The problem has been resolved in GDAL does not ignore NoData value
f = gdal.Open("a.tif")
bands = f.RasterCount
print bands
3
for j in range(bands):
band = f.GetRasterBand(j+1)
stats = band.GetStatistics( True, True )
print "[ STATS ] = Minimum=%.3f, Maximum=%.3f, Mean=%.3f, StdDev=%.3f" % ( stats[0], stats[1], stats[2], stats[3] )
[ STATS ] = Minimum=17.000, Maximum=255.000, Mean=220.586, StdDev=39.705
[ STATS ] = Minimum=64.000, Maximum=255.000, Mean=214.975, StdDev=36.926
[ STATS ] = Minimum=45.000, Maximum=255.000, Mean=179.029, StdDev=68.234
But if you use band.ReadAsArray()
(= Numpy array)
for j in range(bands):
band = f.GetRasterBand(j+1)
data = band.ReadAsArray()
print "[ Numpy ] = Minimum=%.3f, Maximum=%.3f, Mean=%.3f, StdDev=%.3f" % (data.min(), data.max(), data.mean(), data.std())

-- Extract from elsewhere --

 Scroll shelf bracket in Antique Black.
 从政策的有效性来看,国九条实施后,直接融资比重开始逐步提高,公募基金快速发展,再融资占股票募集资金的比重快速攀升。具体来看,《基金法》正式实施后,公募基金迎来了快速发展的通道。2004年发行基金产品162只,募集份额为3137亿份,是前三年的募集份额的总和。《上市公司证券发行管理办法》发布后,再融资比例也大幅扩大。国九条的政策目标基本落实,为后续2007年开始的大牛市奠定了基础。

[ Numpy ] = Minimum=0.000, Maximum=255.000, Mean=220.477, StdDev=42.584
[ Numpy ] = Minimum=31.000, Maximum=255.000, Mean=214.955, StdDev=39.558
[ Numpy ] = Minimum=0.000, Maximum=255.000, Mean=178.856, StdDev=69.535
Why? The problem is (GDAL does not ignore NoData value)

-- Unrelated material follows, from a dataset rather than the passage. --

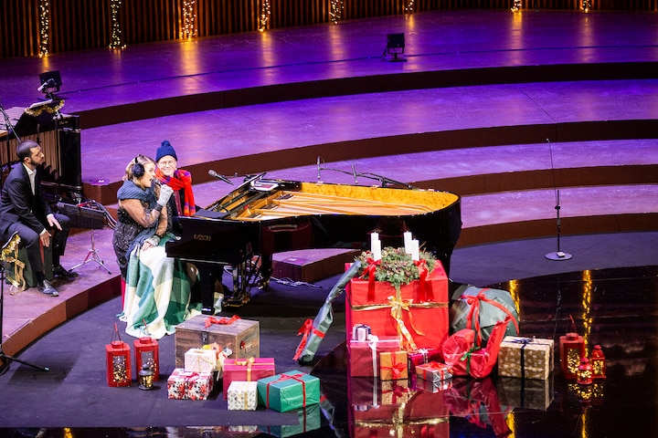 Foran det blanke flygel lå en bunke af indpakkede julegaver i alle størrelser, og til højre for scenen lyste gyldne guirlander og rødlige julekugler op, der pyntede det store juletræ.

GetStatistics will reuse previously computed statistics if they exist (i.e computed before you set the NoData value). You can use stats = band.ComputeStatistics(0) instead of GetStatistics to force the statistics to be recomputed.
for j in range(bands):
band = f.GetRasterBand(j+1)
stats = band.ComputeStatistics(0)
print "[ STATS ] = Minimum=%.3f, Maximum=%.3f, Mean=%.3f, StdDev=%.3f" % ( stats[0], stats[1], stats[2], stats[3] )
[ STATS ] = Minimum=0.000, Maximum=255.000, Mean=220.477, StdDev=42.584
[ STATS ] = Minimum=31.000, Maximum=255.000, Mean=214.955, StdDev=39.558
[ STATS ] = Minimum=0.000, Maximum=255.000, Mean=178.856, StdDev=69.535
...Or you could just convert it to an ESRI Ascii Raster and achieve effectively the same result in much less time.
Here's an example of an ascii raster from the documentation:
ncols 480
nrows 450
xllcorner 378923
yllcorner 4072345
cellsize 30
nodata_value -32768
43 2 45 7 3 56 2 5 23 65 34 6 32 54 57 34 2 2 54 6
35 45 65 34 2 6 78 4 2 6 89 3 2 7 45 23 5 8 4 1 62 ...
GDAL can do the conversion very fast, you can then read the file, or whatever is required. There is nothing wrong with the other answer. I only suggest this because I find NUMPY very slow for cell-by-cell operations.